• Goal of the exercise:
Reproduce everything from the line that contains "Otomobil ve hafif" down to the line that contains "Golden hour photography" in the listing below, word for word and nothing more. Leave the pictures out.

• Data supplied:
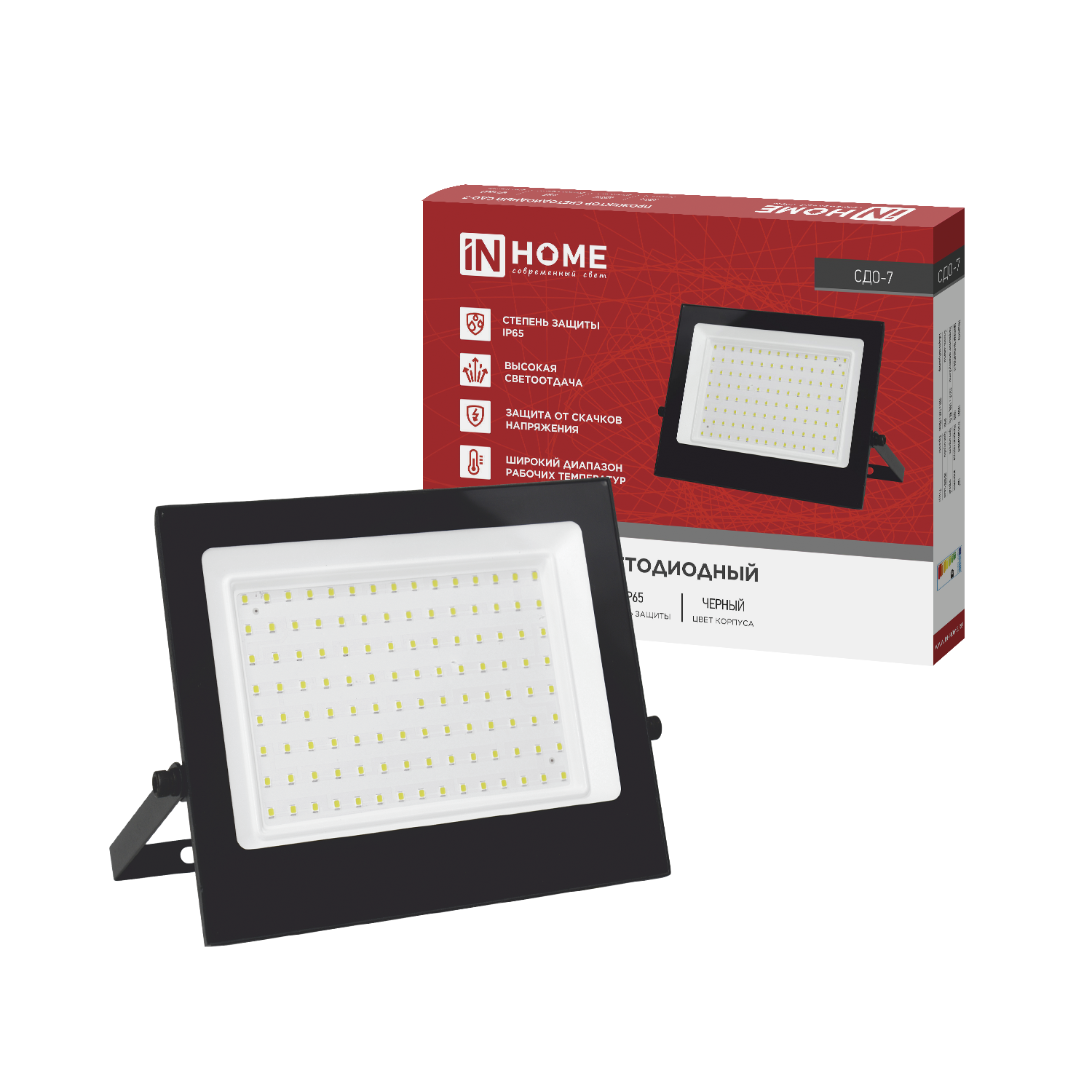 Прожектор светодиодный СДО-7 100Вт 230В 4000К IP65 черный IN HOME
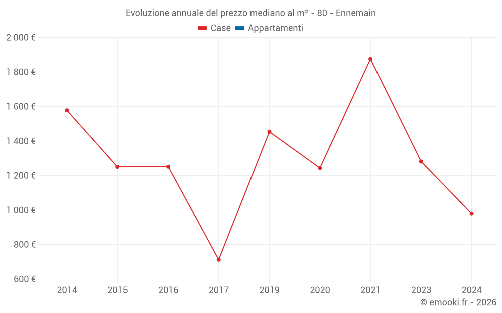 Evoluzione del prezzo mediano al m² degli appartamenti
...
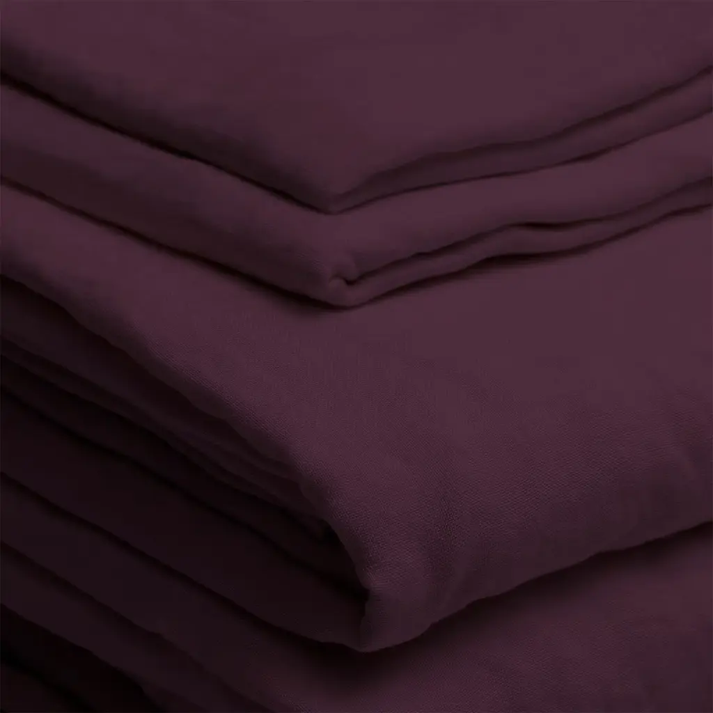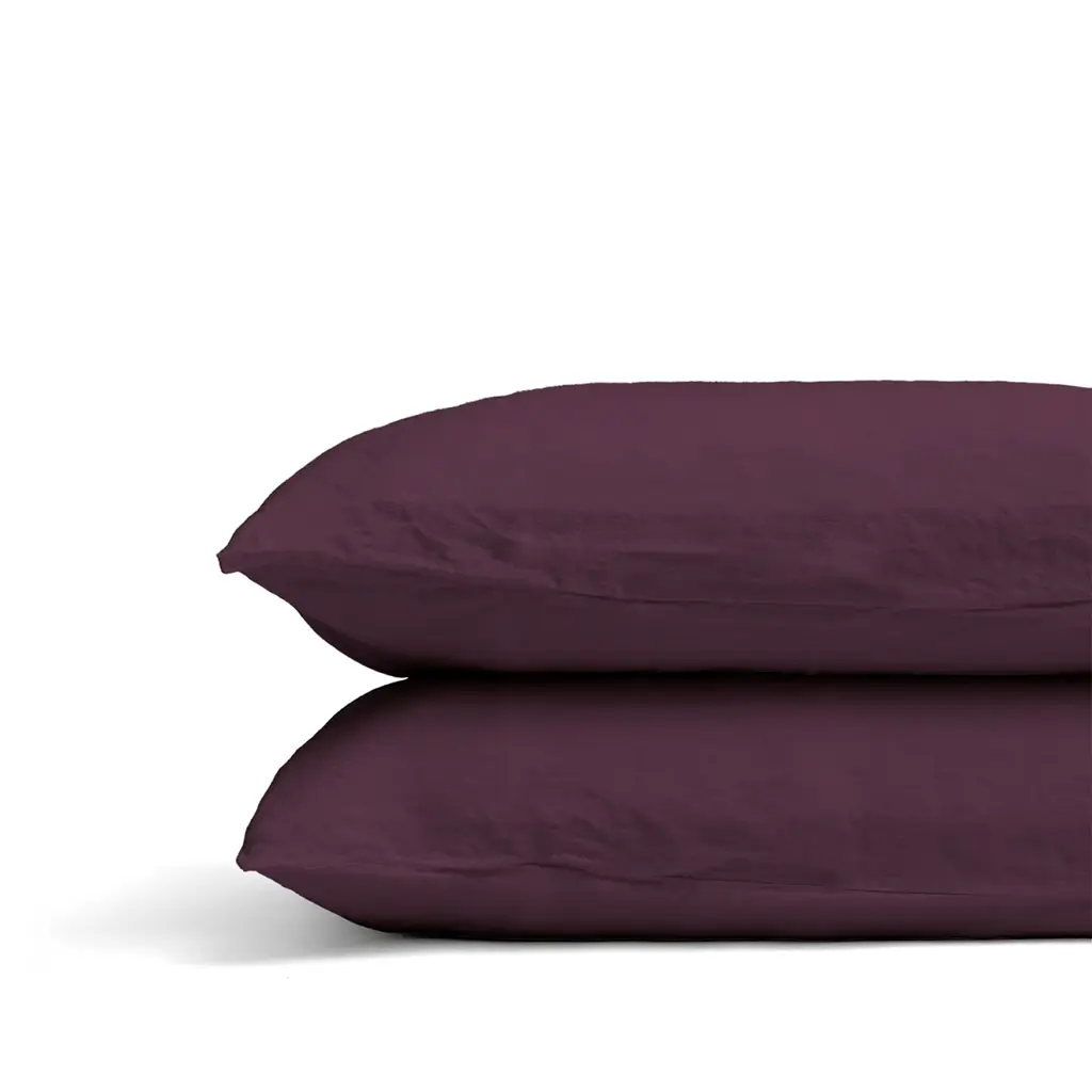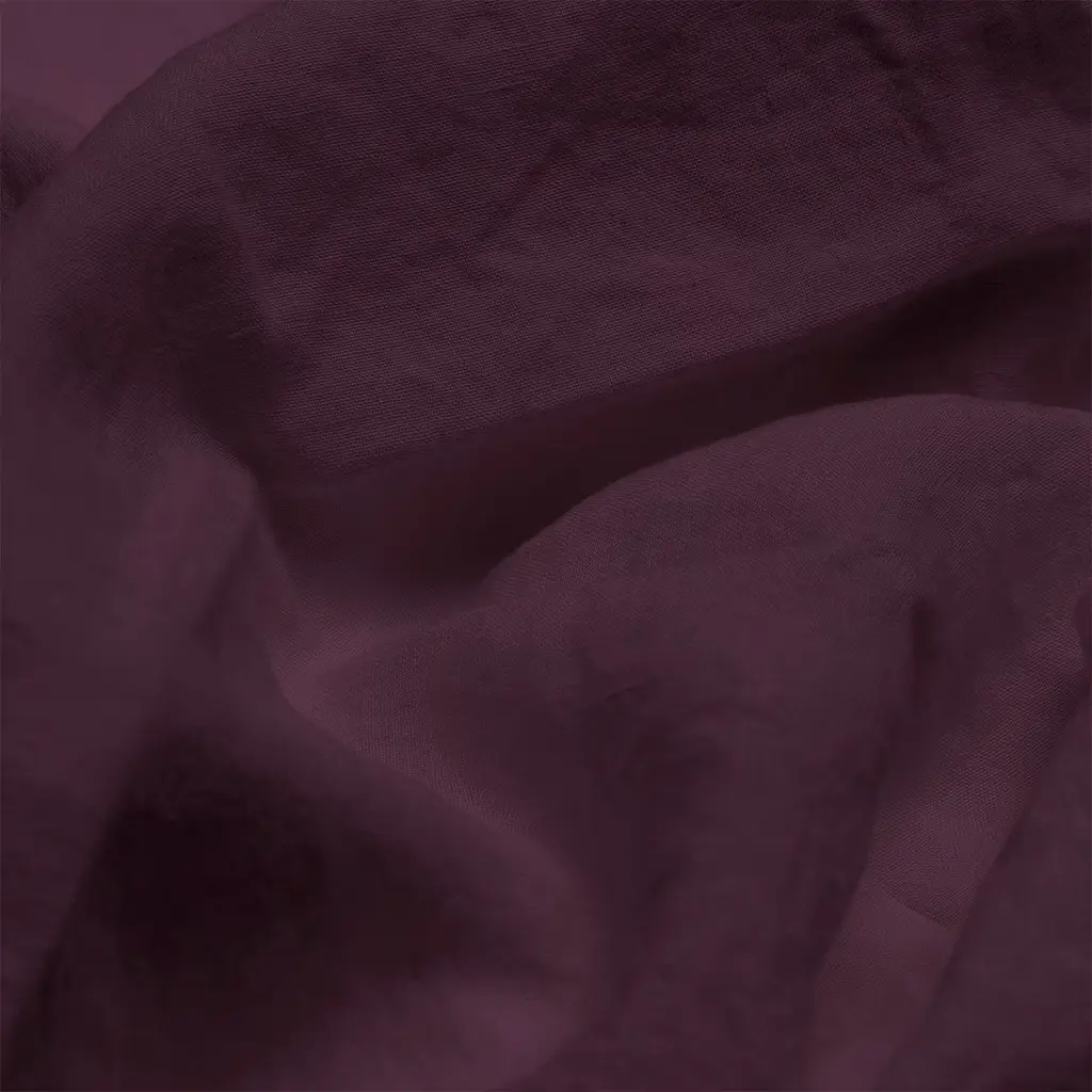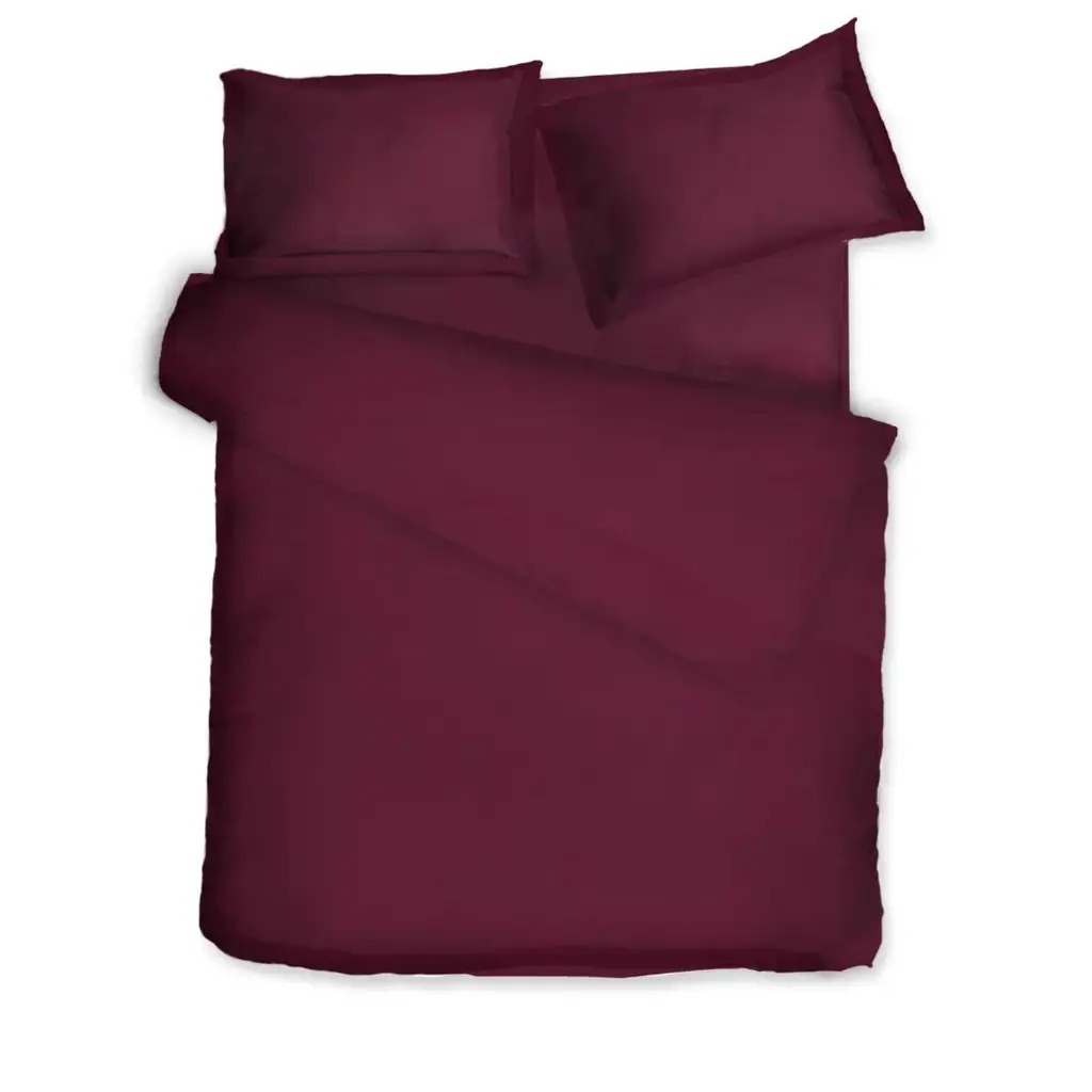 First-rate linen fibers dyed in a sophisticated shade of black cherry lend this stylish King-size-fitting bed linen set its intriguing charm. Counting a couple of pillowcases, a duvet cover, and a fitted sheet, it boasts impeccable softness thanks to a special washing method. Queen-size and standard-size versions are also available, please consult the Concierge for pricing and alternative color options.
==
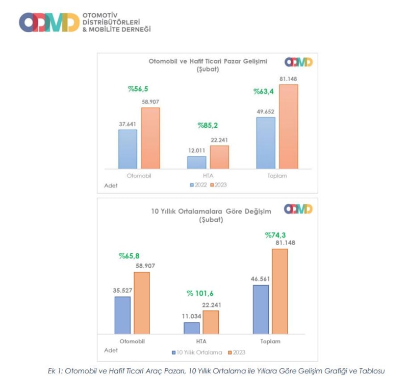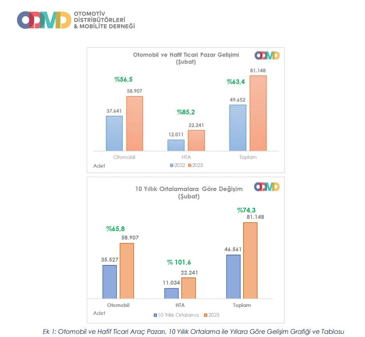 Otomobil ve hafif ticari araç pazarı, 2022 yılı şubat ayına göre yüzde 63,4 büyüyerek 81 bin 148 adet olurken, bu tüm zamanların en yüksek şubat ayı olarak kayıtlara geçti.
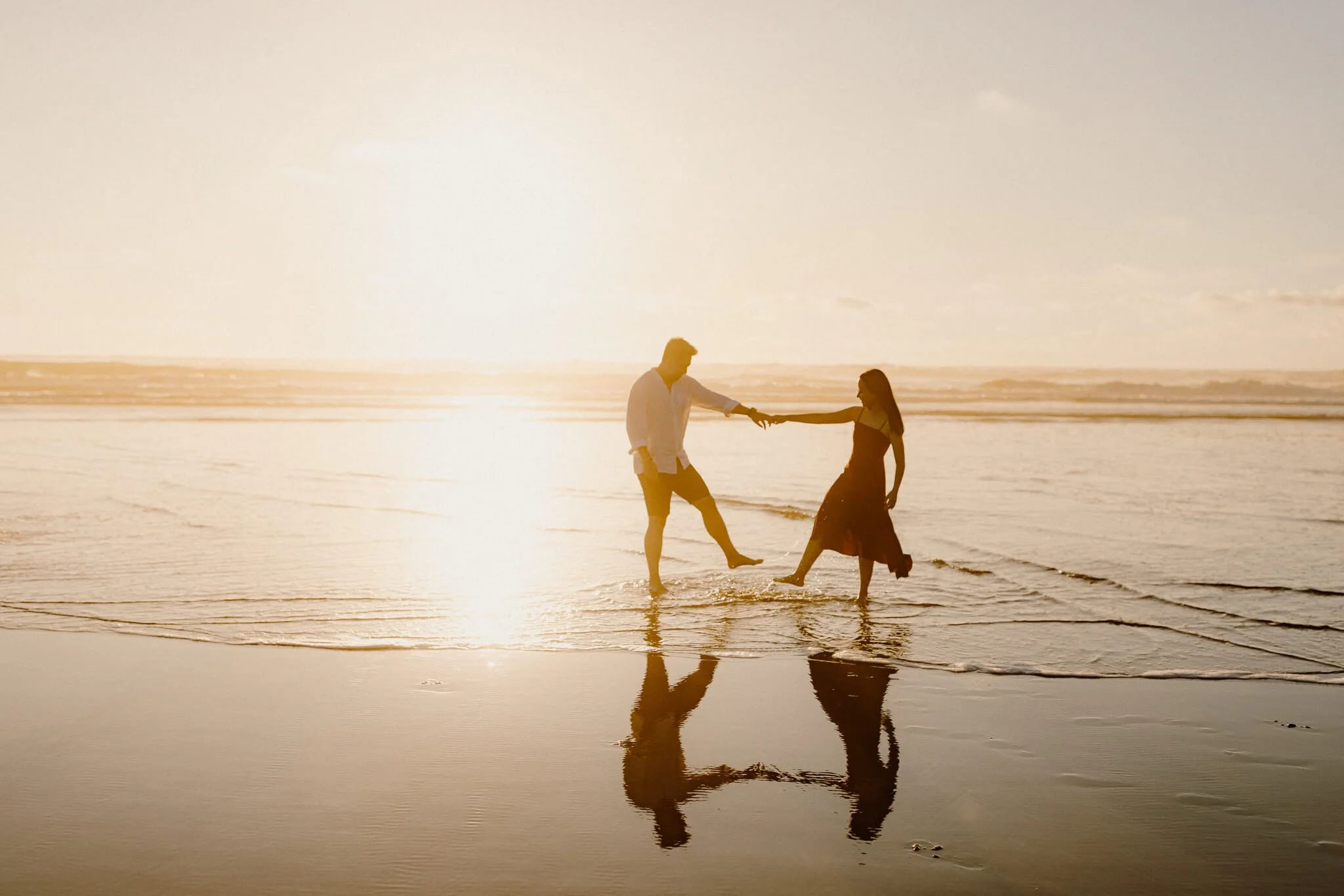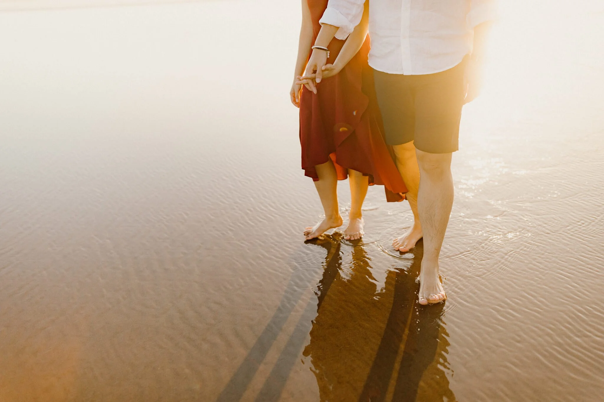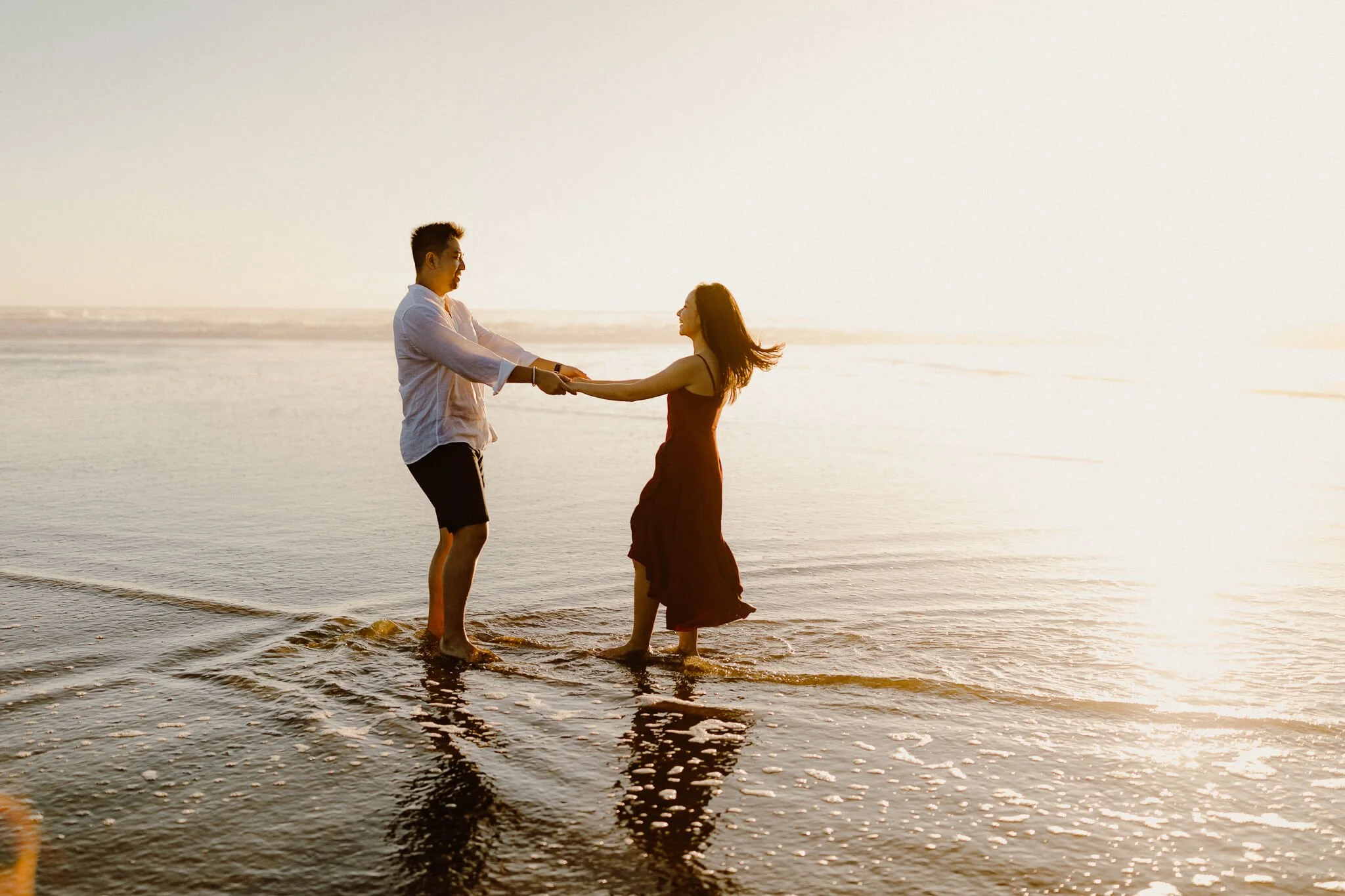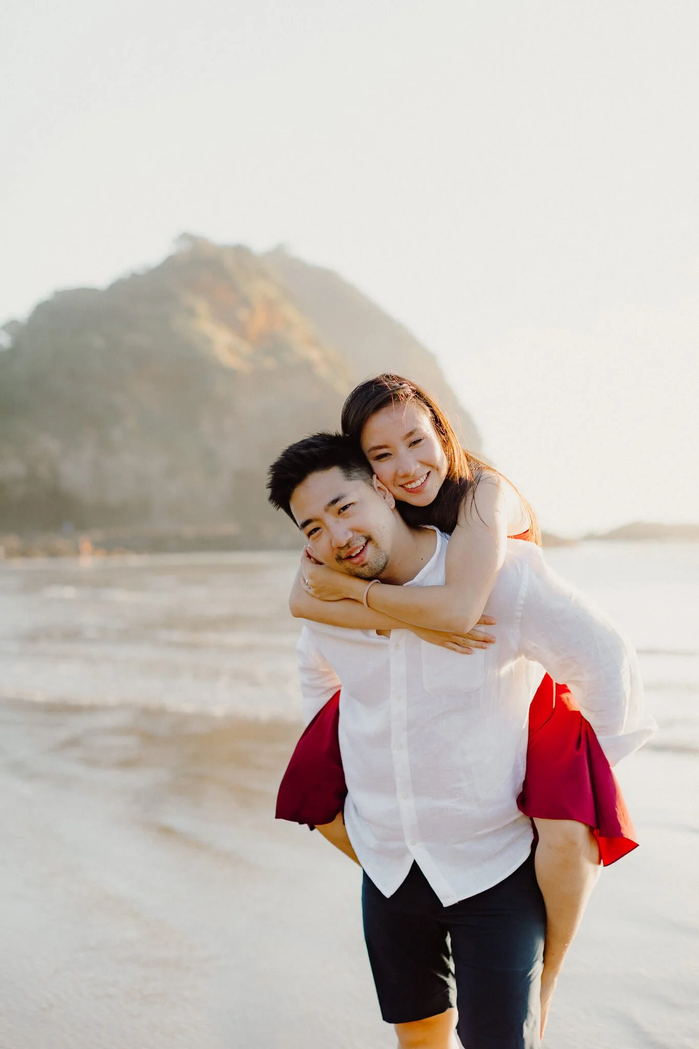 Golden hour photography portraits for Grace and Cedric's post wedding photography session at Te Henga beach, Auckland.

• Response:
 Otomobil ve hafif ticari araç pazarı, 2022 yılı şubat ayına göre yüzde 63,4 büyüyerek 81 bin 148 adet olurken, bu tüm zamanların en yüksek şubat ayı olarak kayıtlara geçti.
 Golden hour photography portraits for Grace and Cedric's post wedding photography session at Te Henga beach, Auckland.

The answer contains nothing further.